Transcribe exactly the lines below that begin at the line with "- EASY TO CLEAN:This" and stop after the line with "1-Used OAL Shrink", leaving out every picture.

PROVIDED DATA:
○ ○ ○ ○ ○ ○ ○

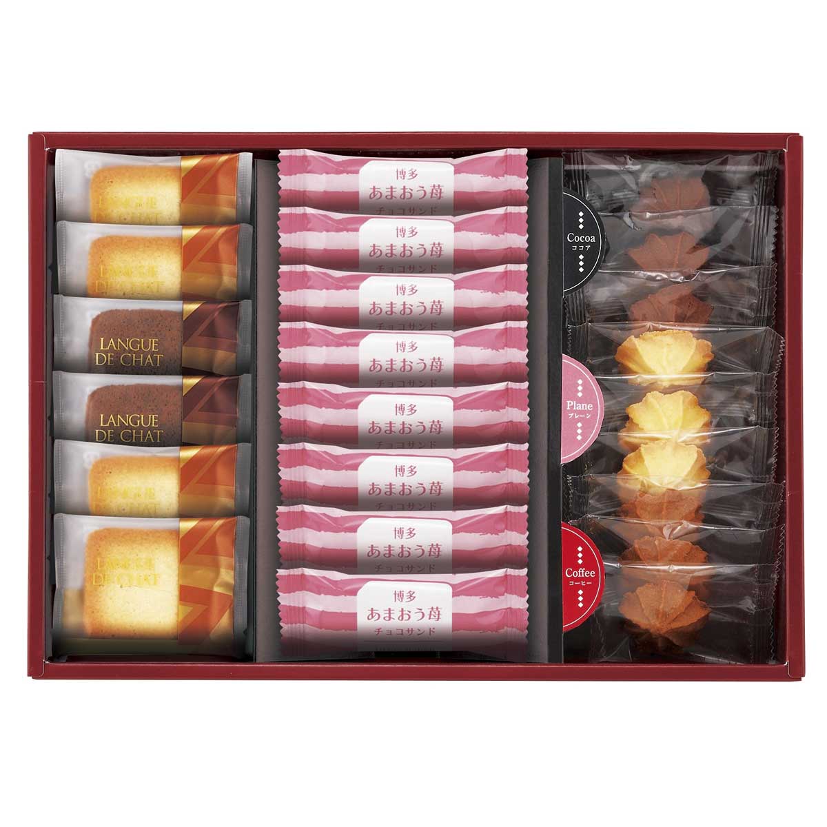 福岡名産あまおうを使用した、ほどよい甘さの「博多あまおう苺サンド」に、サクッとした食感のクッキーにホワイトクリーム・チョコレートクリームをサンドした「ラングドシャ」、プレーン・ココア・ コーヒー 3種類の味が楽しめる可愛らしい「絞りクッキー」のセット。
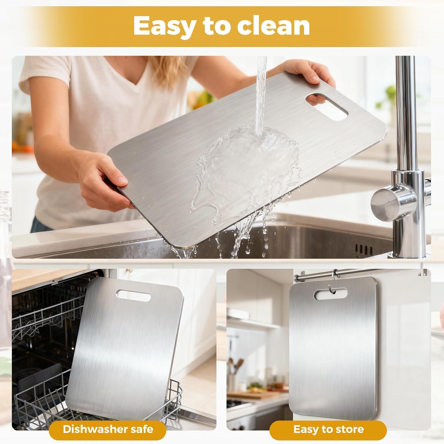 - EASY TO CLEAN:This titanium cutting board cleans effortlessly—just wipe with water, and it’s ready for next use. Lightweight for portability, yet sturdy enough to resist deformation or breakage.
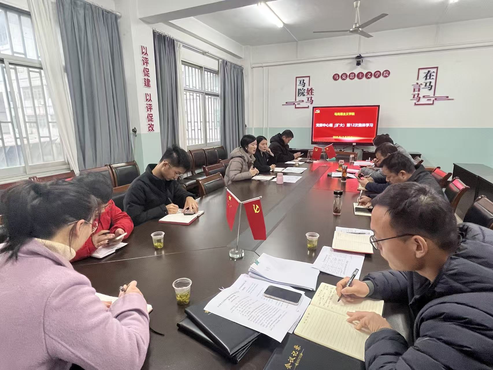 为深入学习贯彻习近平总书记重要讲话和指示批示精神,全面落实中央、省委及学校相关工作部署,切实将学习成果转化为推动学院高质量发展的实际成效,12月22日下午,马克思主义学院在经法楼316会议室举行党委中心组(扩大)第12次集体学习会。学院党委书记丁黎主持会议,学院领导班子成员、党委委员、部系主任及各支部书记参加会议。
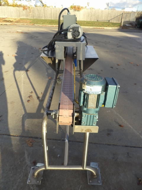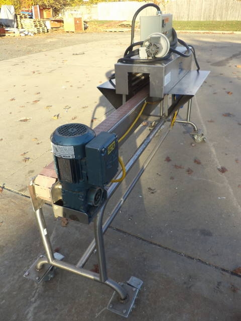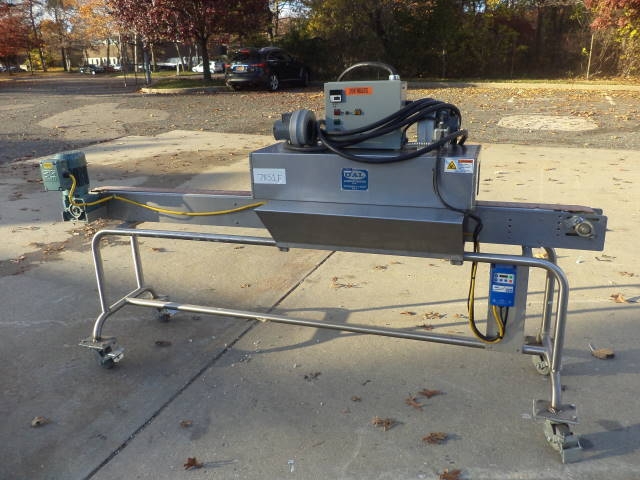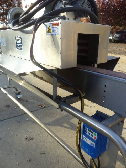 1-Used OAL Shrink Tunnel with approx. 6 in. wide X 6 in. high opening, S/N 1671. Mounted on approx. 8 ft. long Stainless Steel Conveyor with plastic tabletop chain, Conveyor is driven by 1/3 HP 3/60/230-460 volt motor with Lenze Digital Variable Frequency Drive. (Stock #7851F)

○ ○ ○ ○ ○ ○ ○

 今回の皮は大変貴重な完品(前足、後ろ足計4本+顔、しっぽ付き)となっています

○ ○ ○ ○ ○ ○ ○

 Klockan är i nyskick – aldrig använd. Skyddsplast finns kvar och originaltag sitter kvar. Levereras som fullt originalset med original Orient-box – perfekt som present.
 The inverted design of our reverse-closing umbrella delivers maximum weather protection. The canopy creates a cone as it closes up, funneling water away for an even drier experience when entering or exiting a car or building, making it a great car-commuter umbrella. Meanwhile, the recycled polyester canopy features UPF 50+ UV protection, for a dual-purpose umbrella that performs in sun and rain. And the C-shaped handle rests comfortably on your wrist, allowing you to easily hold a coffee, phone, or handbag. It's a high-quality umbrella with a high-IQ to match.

○ ○ ○ ○ ○ ○ ○

SOLUTION TO THIS PROBLEM:
 - EASY TO CLEAN:This titanium cutting board cleans effortlessly—just wipe with water, and it’s ready for next use. Lightweight for portability, yet sturdy enough to resist deformation or breakage.
 为深入学习贯彻习近平总书记重要讲话和指示批示精神,全面落实中央、省委及学校相关工作部署,切实将学习成果转化为推动学院高质量发展的实际成效,12月22日下午,马克思主义学院在经法楼316会议室举行党委中心组(扩大)第12次集体学习会。学院党委书记丁黎主持会议,学院领导班子成员、党委委员、部系主任及各支部书记参加会议。
 1-Used OAL Shrink Tunnel with approx. 6 in. wide X 6 in. high opening, S/N 1671. Mounted on approx. 8 ft. long Stainless Steel Conveyor with plastic tabletop chain, Conveyor is driven by 1/3 HP 3/60/230-460 volt motor with Lenze Digital Variable Frequency Drive. (Stock #7851F)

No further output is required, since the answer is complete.